■ WORK TO BE COMPLETED
Print nothing except the line holding "Linear display case Vetrina Lineare" and the lines that come after it in the material below, and leave the pictures out.

++++ RECORDED DATA ++++

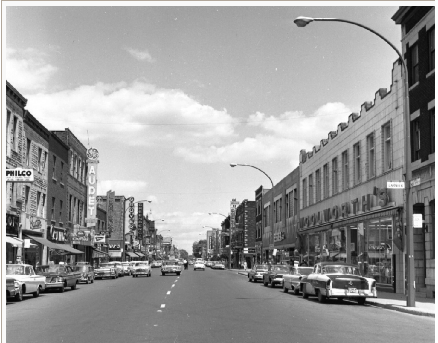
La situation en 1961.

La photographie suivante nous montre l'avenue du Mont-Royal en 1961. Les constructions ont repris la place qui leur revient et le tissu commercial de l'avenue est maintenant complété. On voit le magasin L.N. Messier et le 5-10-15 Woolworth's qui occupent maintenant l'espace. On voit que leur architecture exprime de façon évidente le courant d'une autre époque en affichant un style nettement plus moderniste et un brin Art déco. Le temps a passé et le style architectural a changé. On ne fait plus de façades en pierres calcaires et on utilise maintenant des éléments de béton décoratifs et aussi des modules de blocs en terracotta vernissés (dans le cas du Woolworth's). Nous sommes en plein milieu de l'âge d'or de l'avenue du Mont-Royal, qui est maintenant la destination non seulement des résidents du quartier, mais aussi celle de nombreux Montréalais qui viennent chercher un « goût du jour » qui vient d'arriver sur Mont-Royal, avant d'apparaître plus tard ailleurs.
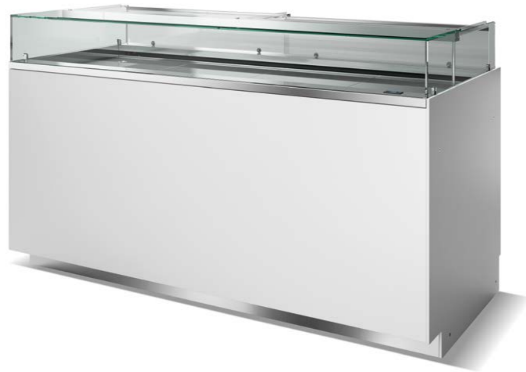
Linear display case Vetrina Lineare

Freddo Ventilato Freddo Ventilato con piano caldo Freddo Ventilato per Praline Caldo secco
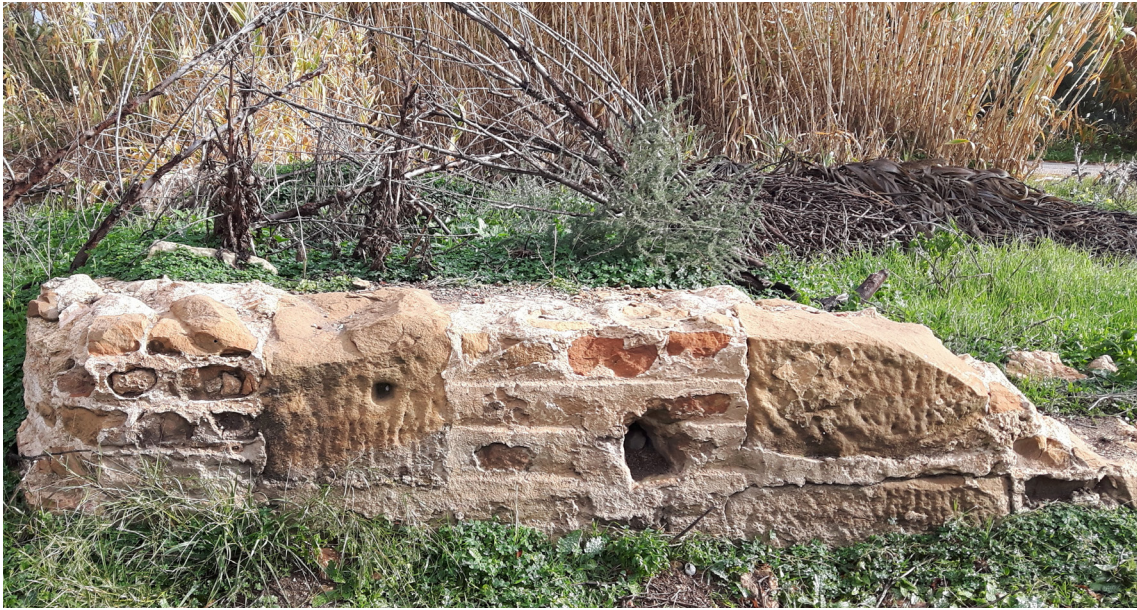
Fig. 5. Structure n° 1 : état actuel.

++++

■ RESULT FOR THIS EXERCISE
Linear display case Vetrina Lineare

Freddo Ventilato Freddo Ventilato con piano caldo Freddo Ventilato per Praline Caldo secco
Fig. 5. Structure n° 1 : état actuel.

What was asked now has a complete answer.